Особую многолетнюю тему внутри разрабатываемых мною проектов составили исследования проблем суверенитета как проблем гео– и хронополитических. Так возник раздел «Игры суверенитета» – своеобразная книга в книге, предметными узлами которой явились оригинальные вариации «парада суверенитетов» конца 80-х и первой половины 90-х; жесткое контрнаступление московского Центра в начале нулевых годов на обозначившиеся местные суверенитеты, отвергающее их легитимность; «оранжевые революции», происходившие на Великом Лимитрофе под лозунгами «народного суверенитета», как геополитическая технология замыкания этих пространств на центры Запада, и, как реакция на эту технологию, – формула «суверенной демократии» в аранжировке российских правительственных идеологов.

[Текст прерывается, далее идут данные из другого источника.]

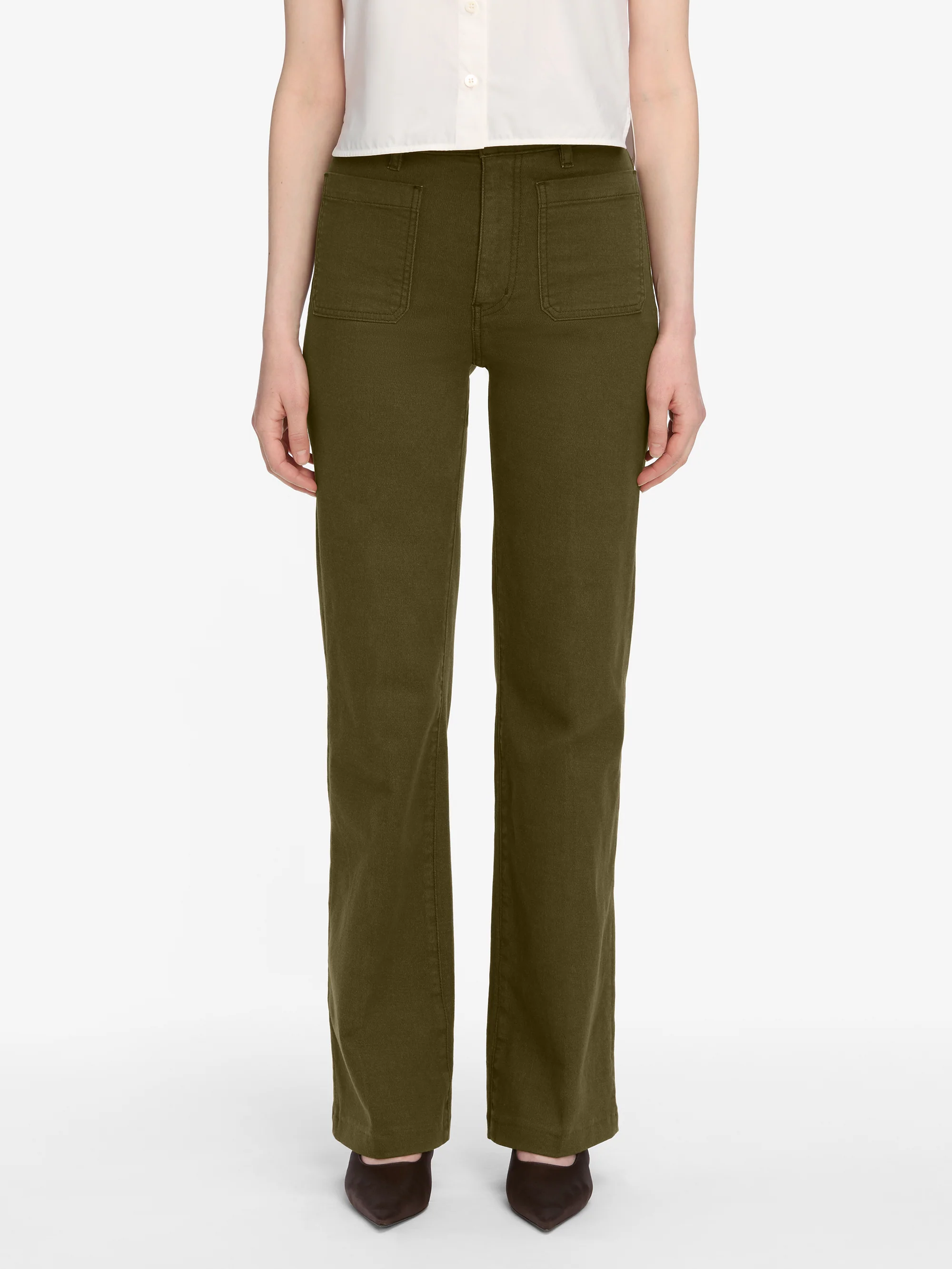 A '70s-inspired, high rise, wide leg trouser with a sleek silhouette and patch pockets. Made from super stretch twill, for polished comfort wherever your day takes you.

В том же разделе обнаруживаем анализ понятийной структуры «суверенитета», границ осмысленности и применимости этого концепта – одно из моих искановских заданий (вылившийся в статью «Понятие суверенитета и распад Советского Союза»), – который схлестнулся с жесткой критикой «парада суверенитетов» как исторической диверсии против программы Демократического Севера (статья «Бес независимости»). Я стремился выяснить две вещи. Во-первых, что, собственно, нового, дополнительного вносит «суверенитет» в базисную, субстанциональную для него идею власти. Во-вторых, почему это понятие, не представлявшее серьезного интереса ни для российских самодержцев, ни для теоретиков самодержавия, обрело исключительную роль в российском политическом словаре XX века – начиная с попытки большевиков конституционно оформить СССР как суверенное государство, состоящее из суверенных же государств, до использования этого понятия в демонтаже СССР и в реорганизации государственного устройства России.
Я прихожу к мысли, что для решения этих проблем не релевантны те основные русла, в которых до сих пор протекали Souverenitetstudien, – ни доставшаяся от раннего европейского модерна феноменология «суверена и противостоящего ему общества», ни карл-шмиттовская линия разысканий некоего «места суверена в государственной системе» (под знаком вопроса «Кто в лесу хозяин?» и «За кем право объявлять чрезвычайное положение?» дополняемые изысканиями на тему, как люди, не имеющие права на судьбоносные решения, получают свою долю власти, косвенно воздействуя на суверена, из-за чего карл-шмиттовская традиция заводит Souverenitetstudien
Классическое, от Ж. Бодена, определение внутреннего суверенитета как верховной власти, пребывающей выше закона в силу своей способности полагать и пересматривать сам закон, на самом деле охватывает все виды верховной власти (например, китайских и византийских императоров, римских пап), с которыми понятие «суверенитет», как правило, не связывается. Достаточно сказать, что это определение совершенно точно описывает позицию неюридической, надзаконной самодержавной власти в реконструкции Русской Системы А. И. Фурсова – Ю. С. Пивоварова. Суверенитет – средневековое европейское понятие, обозначавшее права феодала (в том числе короля) на подвластную ему территорию, – обретает смысл локальной абсолютной власти XVI века в обстановке смены идеи общеевропейской христианской империи. Оно становится обозначением власти как политической собственности – будь то абсолютистская монархия или власть местного князя, как в Германии (и Италии). Таким образом, в своем раннемодерном переосмыслении идея «суверенитета» полагала местную власть как политическую собственность на фоне мира, этой власти не подлежащего, но ее признающего как достояние местного политического собственника, члена сообщества полноценных (хоть отнюдь не равных по размеру могущества) политических собственников-суверенов. Здесь ключ к структуре понятия «суверенитет»: оно предстает нам как семантический двучлен, где факт власти выступает вместе с ее внешним признанием. На фоне долгого и, на мой взгляд, дурного спора юристов и политических писателей о том, каким должен быть «истинный суверенитет» – «суверенитетом факта» или суверенитетом, опирающимся на международное признание, геополитический реалист должен исходить из того, что оба вида суверенитета представляют геополитические реальности, реализующиеся в различных мировых условиях.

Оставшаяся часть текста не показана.